Seit 2018 quält die DSGVO die Unternehmer in Europa. Viele Einzelfragen sind nach wie vor unklar und werden von einzelnen Datenschutzbehörden ganz unterschiedlich ausgelegt. Während die einen Datenschützer hü sagen, sind die anderen der Auffassung hott. Und auch als beratender Anwalt im Datenschutzrecht kann man den Mandanten häufig nur eine Entweder-oder-Antwort geben, also die klassische juristische Einschätzung à la „Es kommt darauf an“. Daher ist es umso erfreulicher, dass nun der Europäische Gerichtshof (EuGH) vor Kurzem in drei wichtigen Entscheidungen eine (relative) Sicherheit zu einzelnen Problemstellungen gegeben hat.

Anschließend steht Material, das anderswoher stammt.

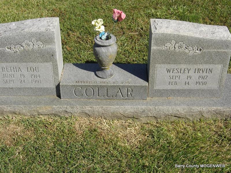 | COLLAR, Wesley Irvin | Sept. 19, 1912 Barry Co., MO |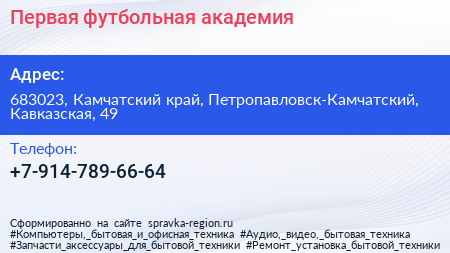 Первая футбольная академия по адресу 683023, Камчатский край, Петропавловск-Камчатский, Кавказская, 49 в дальнейшем Организация, размещена в следующих категориях: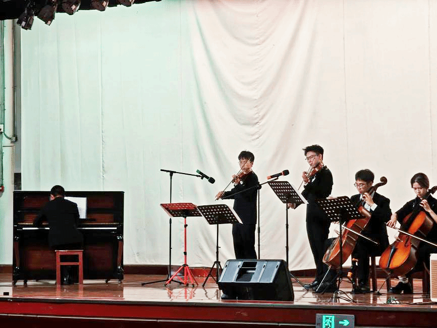 在热烈的掌声中,马艺萱、张佳乐、于千朔、郑天宇四位主持人一齐登场,正式宣布晚会的开始。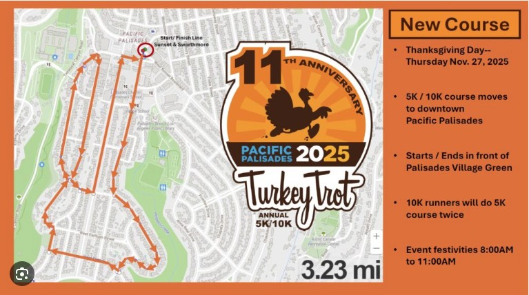 “Each year the Palisades Turkey Trot grows bigger and better, and this year’s new 5K course makes it extra special,” said David O’Connell, event co-founder. “It’s the perfect way for families and friends to start their Thanksgiving morning with fun, fitness, and community spirit.”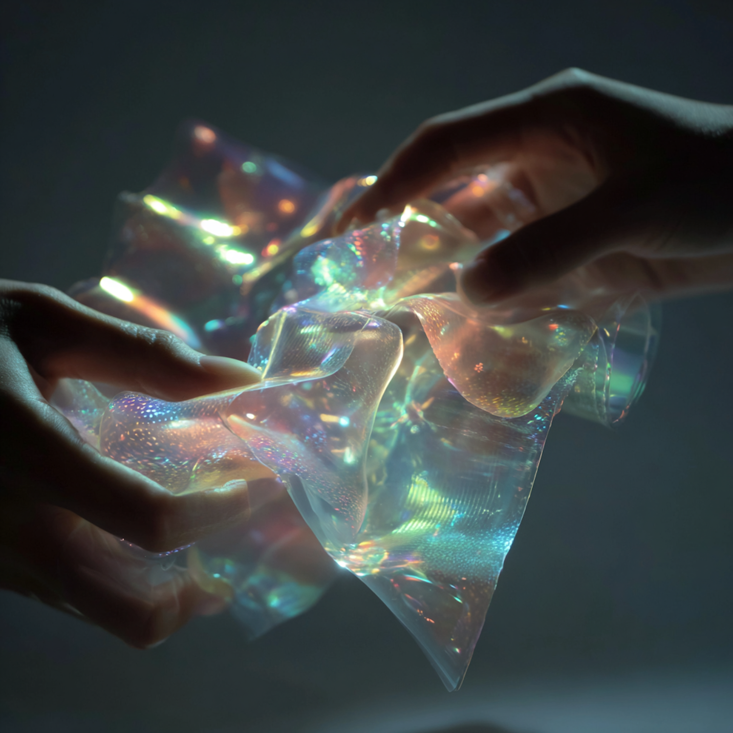 Two hands holding a translucent, iridescent material that reflects vibrant rainbow colors against a dark background.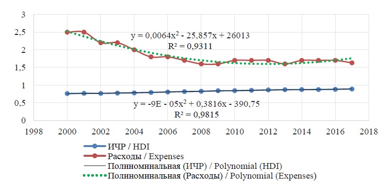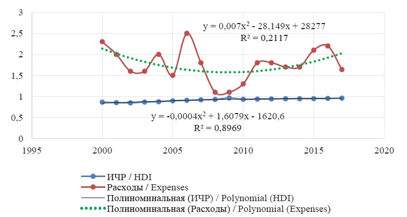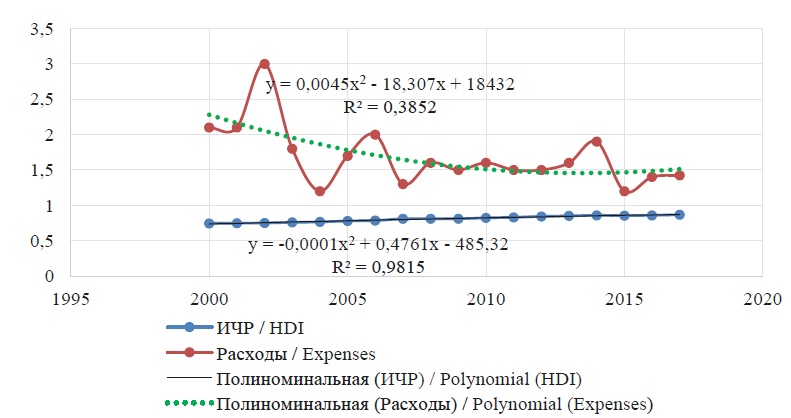 Discussion and Conclusion. The data obtained indicate a steady downward trend in the share of expenses on the purchase of alcoholic beverages against the backdrop of a steady increase in the human development index in 2000–2017. The materials of the paper can be used to monitor and adjust the approaches of the state authorities to the directions of reducing the degradation of human capital from the consumption of addictive goods in troubled regions.

Neue höchstrichterliche Rechtsprechung zur DSGVO:
Schadenersatz und Bußgelder
1. Vorbemerkung
Die drei Gerichtsentscheidungen, die wir heute besprechen, sind in einem relativ engen Zeitraum ergangen, nämlich im Dezember 2023. Die Sachverhalte sind aber durchgehend unterschiedlich und haben nichts miteinander zu tun.

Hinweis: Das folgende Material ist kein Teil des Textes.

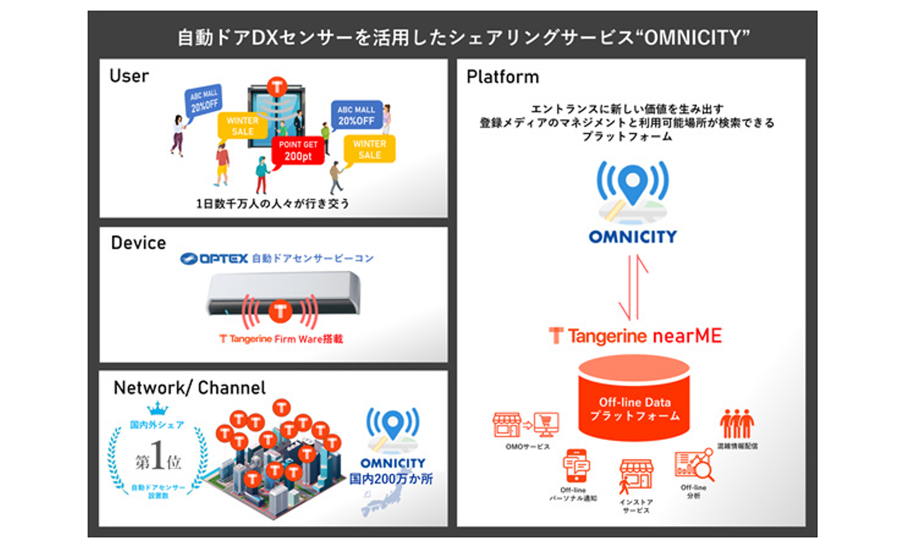 来店時のオフライン行動データの蓄積・分析を通し OMO 施策を提供するオフライン行動データプラットフォーム「Tangerine nearME」が、自動ドアセンサートップシェアのオプテックス株式会社(本社:滋賀県大津市、代表取締役社長:上村 透、以下「オプテックス」)が BLE ビーコン(*1)機能搭載の自動ドアセンサーを活用した新サービス提「OMNICITY サービス(以下オムニシティ)」とサービス連携したことを発表いたします。また、タンジェリンはオムニシティサービス構築にかかるビーコン・クラウド連携技術支援も提供いたしました。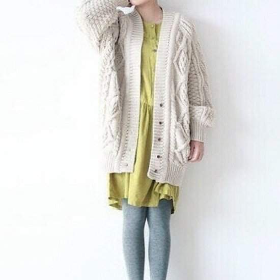 オルチャン韓国 Vネック ケーブル ニット カーディガン ローゲージ カジュアル ゆったり シンプル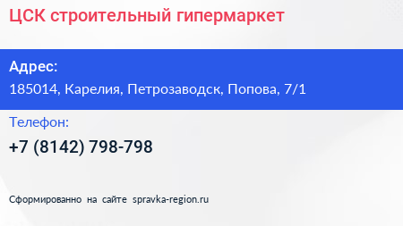 ЦСК, строительный гипермаркет по адресу 185014, Карелия, Петрозаводск, Попова, 7/1 в дальнейшем Организация, размещена в следующих категориях:

2. Keine Bagatellgrenze bei Schadensersatzansprüchen mehr
a. Problemlage
Bei Datenschutzverletzungen kann der einzelne Unternehmer grundsätzlich vom betroffenen Verbraucher auf Schadensersatz in Anspruch genommen werden (Art. 82 DSGVO).
In der deutschen Rechtsprechung herrschte bislang Kraut und Rüben, welche Voraussetzungen vorliegen mussten, damit ein solcher Anspruch begründet ist. Ein Großteil der angerufenen Gerichte urteilte, dass eine sogenannte Bagatellgrenze überschritten sein musste, damit eine Haftung ausgelöst wird. Andere Gerichte verneinten dieses Merkmal und sprachen relativ frei Schadenssummen zu.
b. Entscheidung des EuGH
Im Dezember 2023 entschied nun der EuGH1 mit deutlichen Worten, dass eine solche Erheblichkeitsschwelle nicht existiert:
„Somit kann nicht angenommen werden, dass über diese drei […] genannten Voraussetzungen hinaus für die Haftung nach Art. 82 Abs. 1 DSGVO weitere Voraussetzungen aufgestellt werden dürfen, etwa die, dass der Nachteil spürbar oder die Beeinträchtigung objektiv sein muss. Folglich verlangt Art. 82 Abs. 1 DSGVO nicht, dass nach einem erwiesenen Verstoß gegen Bestimmungen dieser Verordnung der von der betroffenen Person geltend gemachte ‚immaterielle Schaden‘ eine ‚Bagatellgrenze‘ überschreiten muss, damit dieser Schaden ersatzfähig ist.“
Das Merkmal der Bagatellgrenze ist damit obsolet.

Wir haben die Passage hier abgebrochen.